• TASK TO CARRY OUT:
Exactly and only the lines below from the one containing "オーダーは券売機で買った食券" down to the one containing "尽管熟皮价格指数走弱,但大衣" are wanted, both included; please exclude every picture.

• RECORDED DATA:
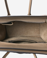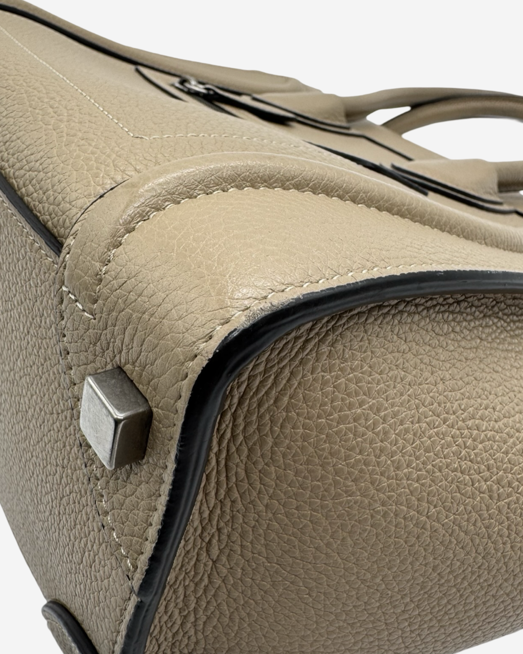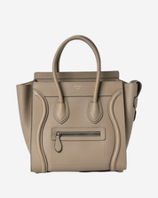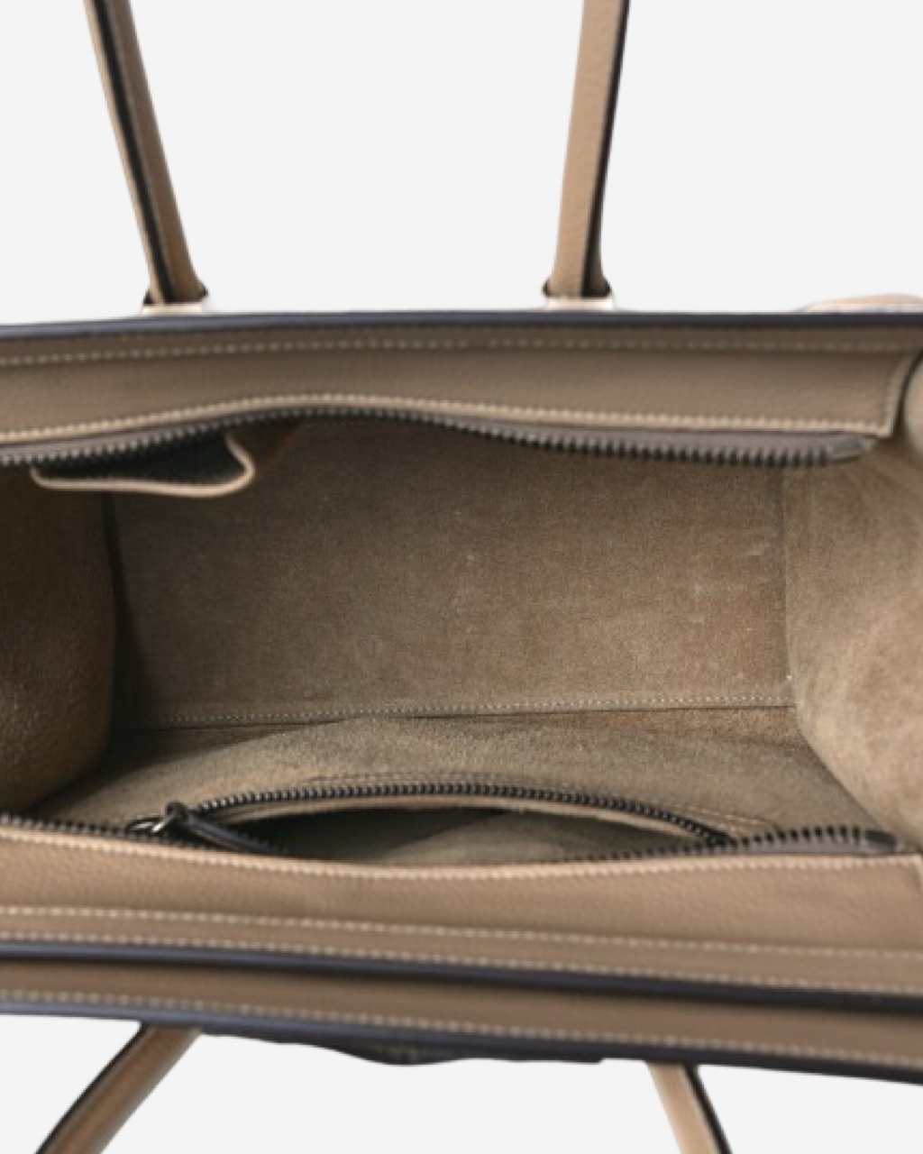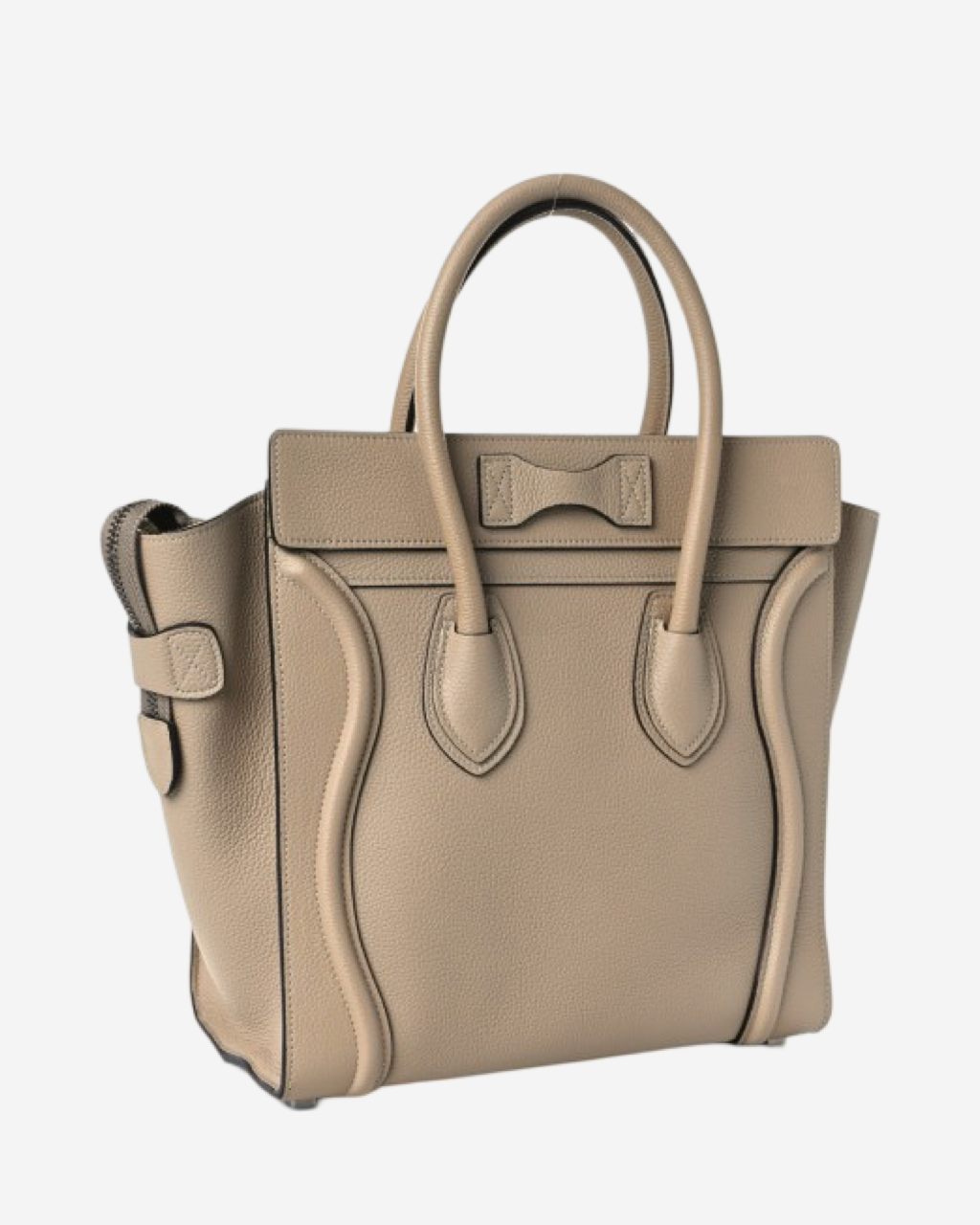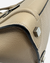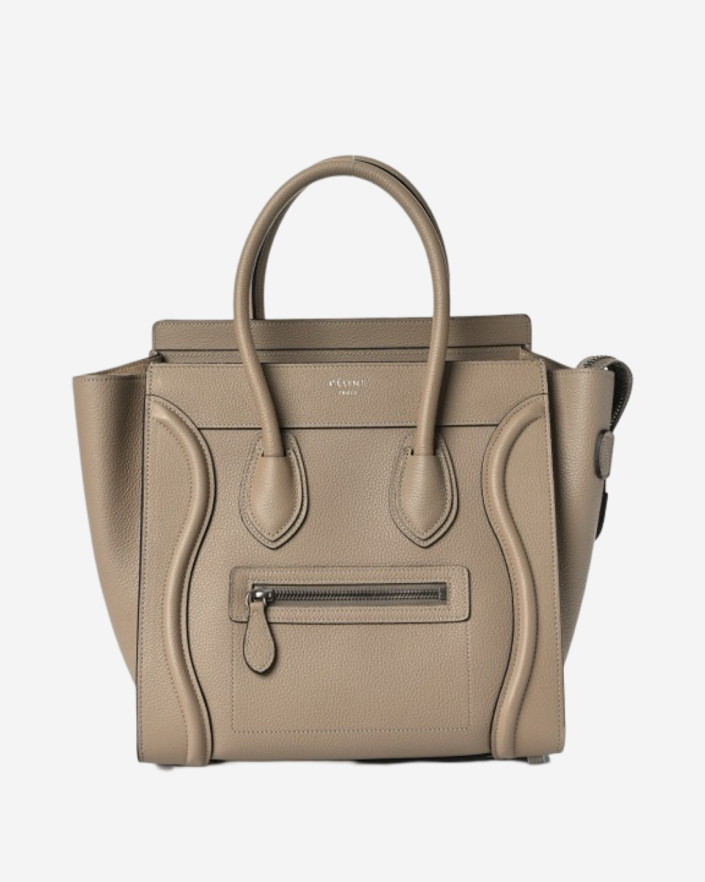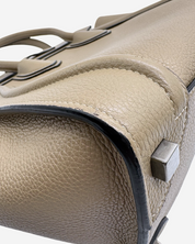 - Descripción: Bolsa de mano con dos asas superiores, cierre con broche, un bolsillo con cremallera exterior en la parte delantera y compartimiento principal, hardware dorado
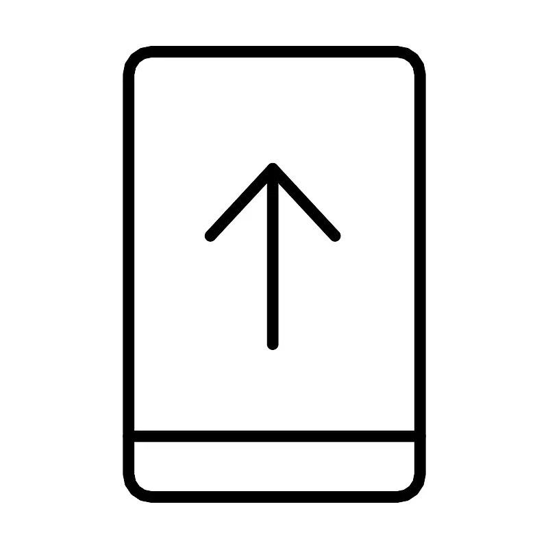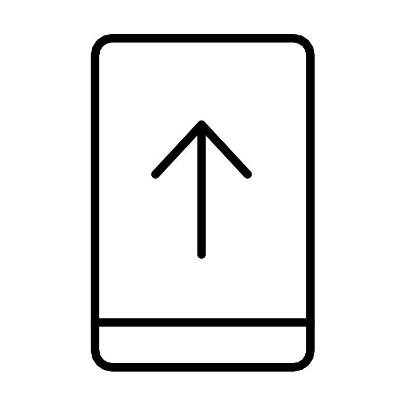 <svg width="800px" height="800px" viewBox="0 0 48 48" xmlns="http://www.w3.org/2000/svg"><defs><style>.a{fill:none;stroke:#000000;stroke-linecap:round;stroke-linejoin:round;}</style></defs><rect class="a" x="11.2373" y="4.5" width="25.5254" height="39" rx="2"/><path class="a" d="M23.8578,30.12V14.7483l5.4563,5.8833"/><path class="a" d="M23.8578,14.7483l-5.4562,5.8833"/><path class="a" d="M11.2373,38.1866H36.7627"/></svg>
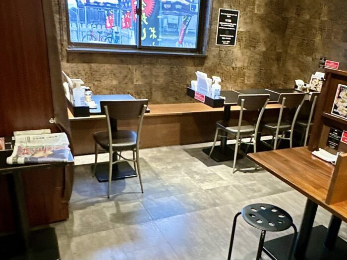 オーダーは券売機で買った食券を受け付け窓口に出すスタイル、このとき座る席も指定されるから聞く耳もって待ちましょう
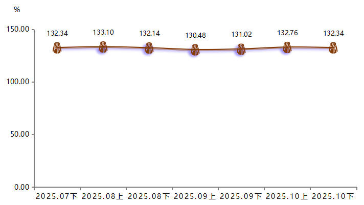 尽管熟皮价格指数走弱,但大衣价格指数在10月表现出一定的韧性。在天气转凉背景下,大衣的市场需求逐步回暖,10月下半月大衣价格指数为132.34点,较9月下半月上涨1.01%,同比涨幅达8.06%。具体来看,10月上半月指数曾冲高至132.76点,环比上涨1.33%,表明季节性备货需求有所释放;下半月虽小幅回调0.32%,但仍维持在相对高位,表明市场对裘皮大衣的消费接受度持续提升。整体而言,大衣价格的回升既得益于季节性需求的温和释放,也反映出成品端对原料价格波动存在的传导滞后效应。
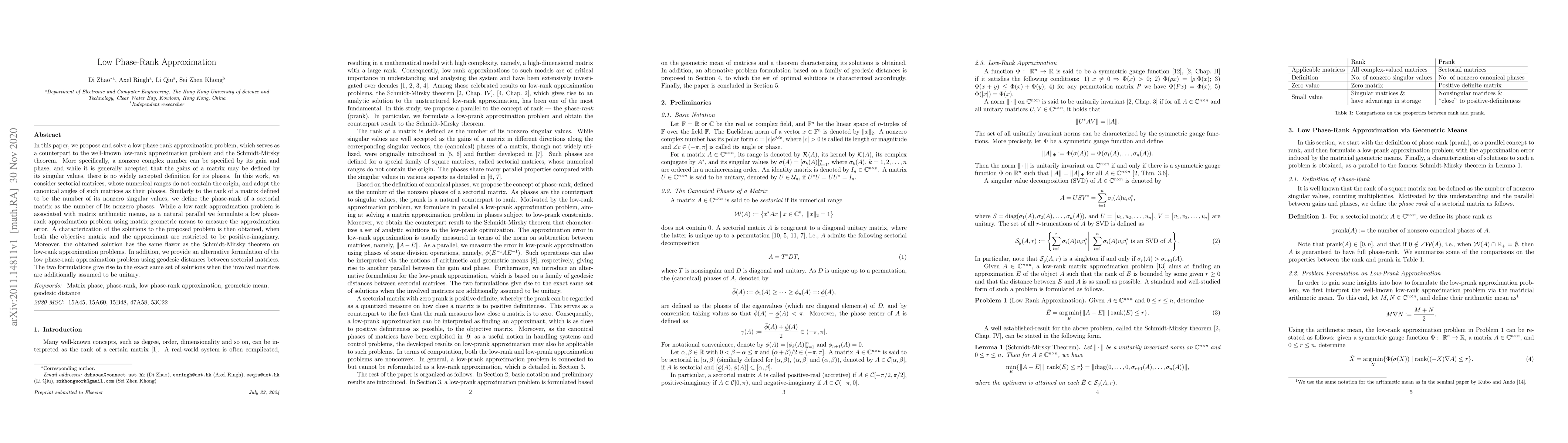 In this paper, we propose and solve a low phase-rank approximation problem, which serves as a counterpart to the well-known low-rank approximation problem and the Schmidt-Mirsky theorem. More specifically, a nonzero complex number can be specified by its gain and phase, and while it is generally accepted that the gains of a matrix may be defined by its singular values, there is no widely accepted definition for its phases. In this work, we consider sectorial matrices, whose numerical ranges do not contain the origin, and adopt the canonical angles of such matrices as their phases. Similarly to the rank of a matrix defined to be the number of its nonzero singular values, we define the phase-rank of a sectorial matrix as the number of its nonzero phases. While a low-rank approximation problem is associated with matrix arithmetic means, as a natural parallel we formulate a low phase-rank approximation problem using matrix geometric means to measure the approximation error. A characterization of the solutions to the proposed problem is then obtained, when both the objective matrix and the approximant are restricted to be positive-imaginary. Moreover, the obtained solution has the same flavor as the Schmidt-Mirsky theorem on low-rank approximation problems. In addition, we provide an alternative formulation of the low phase-rank approximation problem using geodesic distances between sectorial matrices. The two formulations give rise to the exact same set of solutions when the involved matrices are additionally assumed to be unitary.

• ANSWER SPACE:
 オーダーは券売機で買った食券を受け付け窓口に出すスタイル、このとき座る席も指定されるから聞く耳もって待ちましょう
 尽管熟皮价格指数走弱,但大衣价格指数在10月表现出一定的韧性。在天气转凉背景下,大衣的市场需求逐步回暖,10月下半月大衣价格指数为132.34点,较9月下半月上涨1.01%,同比涨幅达8.06%。具体来看,10月上半月指数曾冲高至132.76点,环比上涨1.33%,表明季节性备货需求有所释放;下半月虽小幅回调0.32%,但仍维持在相对高位,表明市场对裘皮大衣的消费接受度持续提升。整体而言,大衣价格的回升既得益于季节性需求的温和释放,也反映出成品端对原料价格波动存在的传导滞后效应。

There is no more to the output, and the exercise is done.